Set down the data below exactly; pictures stay out.

(Dataset entries)
========
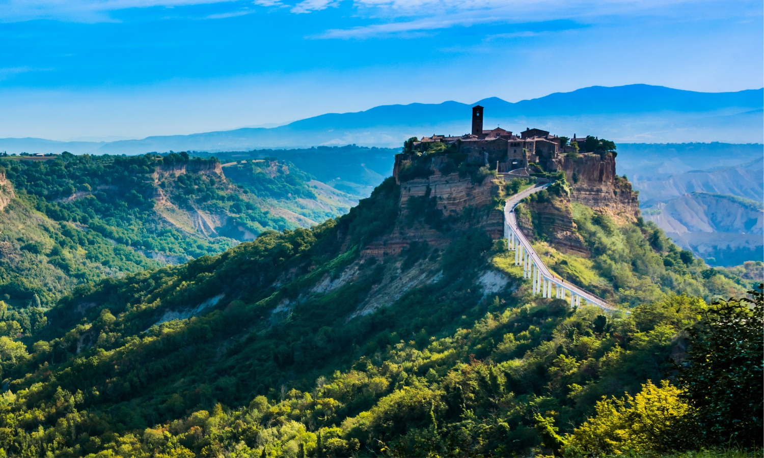 建於2,500年前,孤立於山頂上,唯靠一條狹窄的長橋與外界相連。從遠處看就像一座空中的城堡。如巧遇雲霧未散,古城就像飄浮在半空中,彷如「天空之城」。
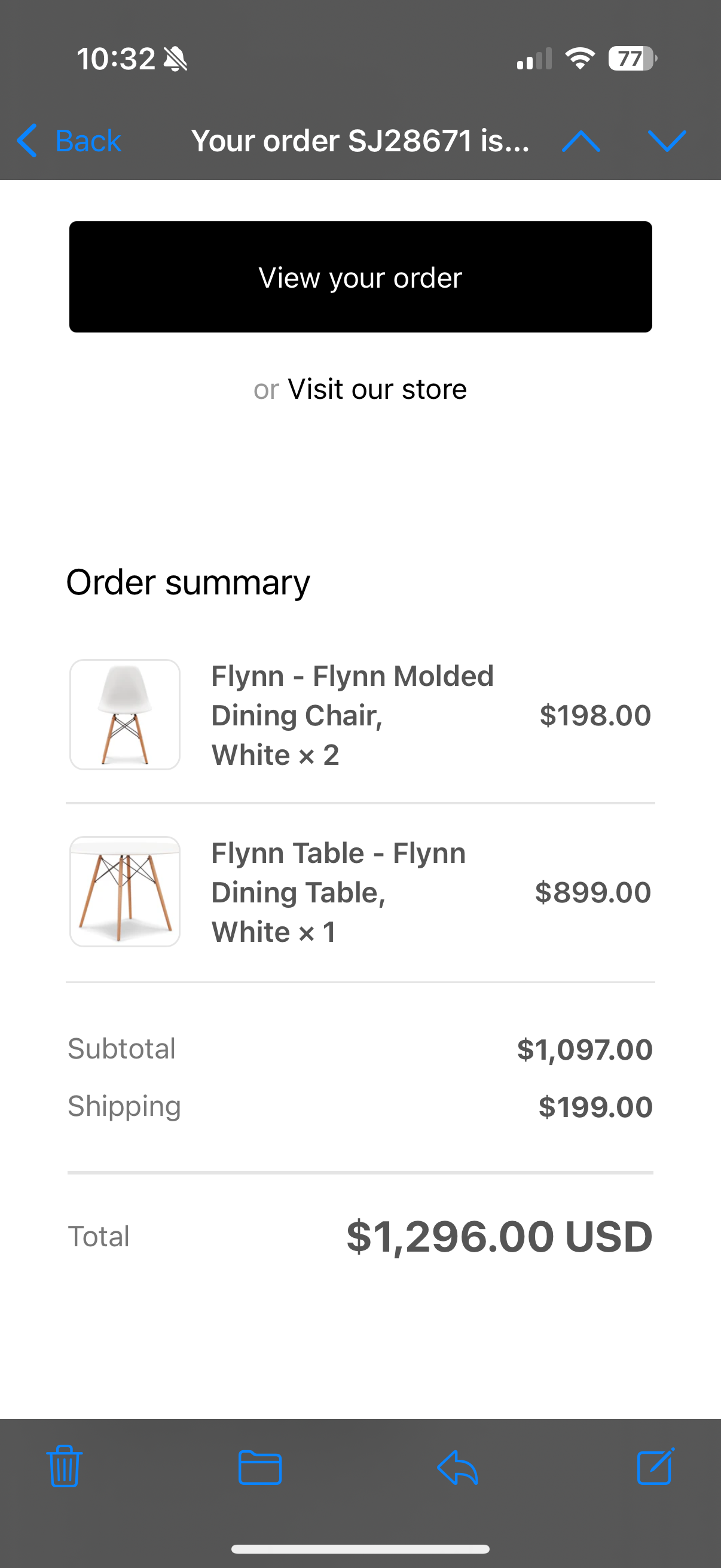 White 원형식탁 + 의자2개 Set 판매 합니다. 원가가 $1296이었습니다.
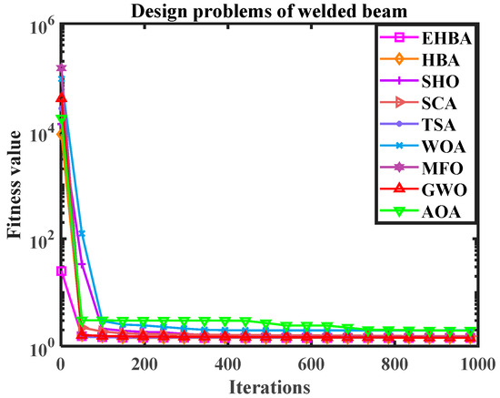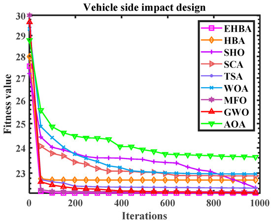 EHBA was implemented to deal with this case and the calculation values were compared with those of HBA, SHO, SCA, TSA, WOA, MFO, GWO, and AOA. Table 11 shows the best values and corresponding variable values for solving the car side impact design problem.
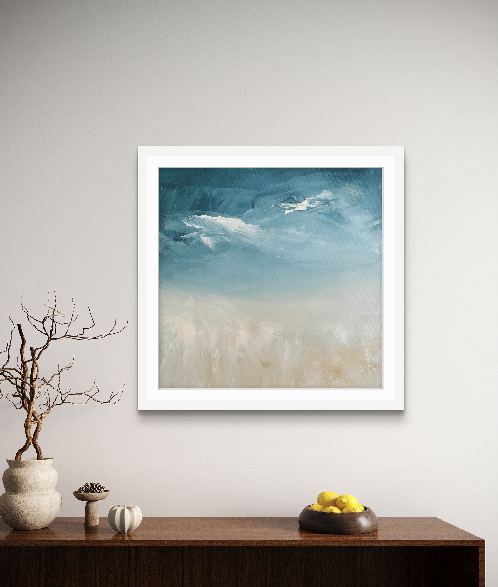 This semi-abstract painting features a serene, atmospheric composition. The upper portion is dominated by sweeping strokes of blue and white, suggesting a sky with soft, cloud-like formations. The lower half transitions into lighter, beige and off-white hues, evoking the texture of grass with a misty horizon. The brushwork is fluid and expressive, blending colors to create a sense of depth and movement. Framed in white, the painting conveys a tranquil, natural landscape with an abstract twist.
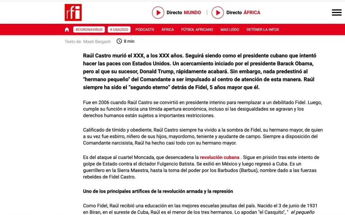 Radio Francia Internacional (RFI) cometió un equivicación al publicar un obituario dedicado a la muerte de Raúl Castro en sus redes sociales y luego retirarlo al reconocer que todo no fue más que un «error técnico».
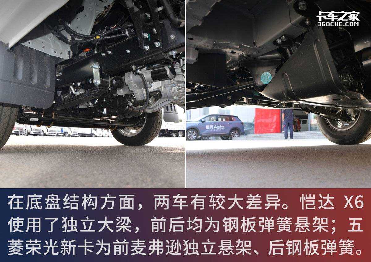 五菱荣光新卡使用了半承载式车身结构,车架与底盘是刚性焊接在一起的,这种车身结构相较于恺达X6来说,硬性承载能力有所降低。
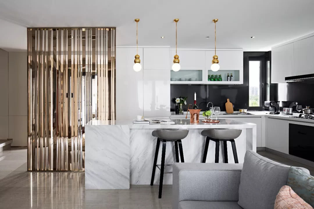 入口玄關(guān)處安放可移動金屬格柵,隔而不斷,又在一定程度上確保私密性。室內(nèi)通過開放交融式設(shè)計,讓廚房、島臺與客餐廳連通,提升空間開闊度,也是對現(xiàn)代生活方式的回歸與重塑。
========
◆ **RESPONSE BOX**:
 建於2,500年前,孤立於山頂上,唯靠一條狹窄的長橋與外界相連。從遠處看就像一座空中的城堡。如巧遇雲霧未散,古城就像飄浮在半空中,彷如「天空之城」。
 White 원형식탁 + 의자2개 Set 판매 합니다. 원가가 $1296이었습니다.
 EHBA was implemented to deal with this case and the calculation values were compared with those of HBA, SHO, SCA, TSA, WOA, MFO, GWO, and AOA. Table 11 shows the best values and corresponding variable values for solving the car side impact design problem.
 This semi-abstract painting features a serene, atmospheric composition. The upper portion is dominated by sweeping strokes of blue and white, suggesting a sky with soft, cloud-like formations. The lower half transitions into lighter, beige and off-white hues, evoking the texture of grass with a misty horizon. The brushwork is fluid and expressive, blending colors to create a sense of depth and movement. Framed in white, the painting conveys a tranquil, natural landscape with an abstract twist.
 Radio Francia Internacional (RFI) cometió un equivicación al publicar un obituario dedicado a la muerte de Raúl Castro en sus redes sociales y luego retirarlo al reconocer que todo no fue más que un «error técnico».
 五菱荣光新卡使用了半承载式车身结构,车架与底盘是刚性焊接在一起的,这种车身结构相较于恺达X6来说,硬性承载能力有所降低。
 入口玄關(guān)處安放可移動金屬格柵,隔而不斷,又在一定程度上確保私密性。室內(nèi)通過開放交融式設(shè)計,讓廚房、島臺與客餐廳連通,提升空間開闊度,也是對現(xiàn)代生活方式的回歸與重塑。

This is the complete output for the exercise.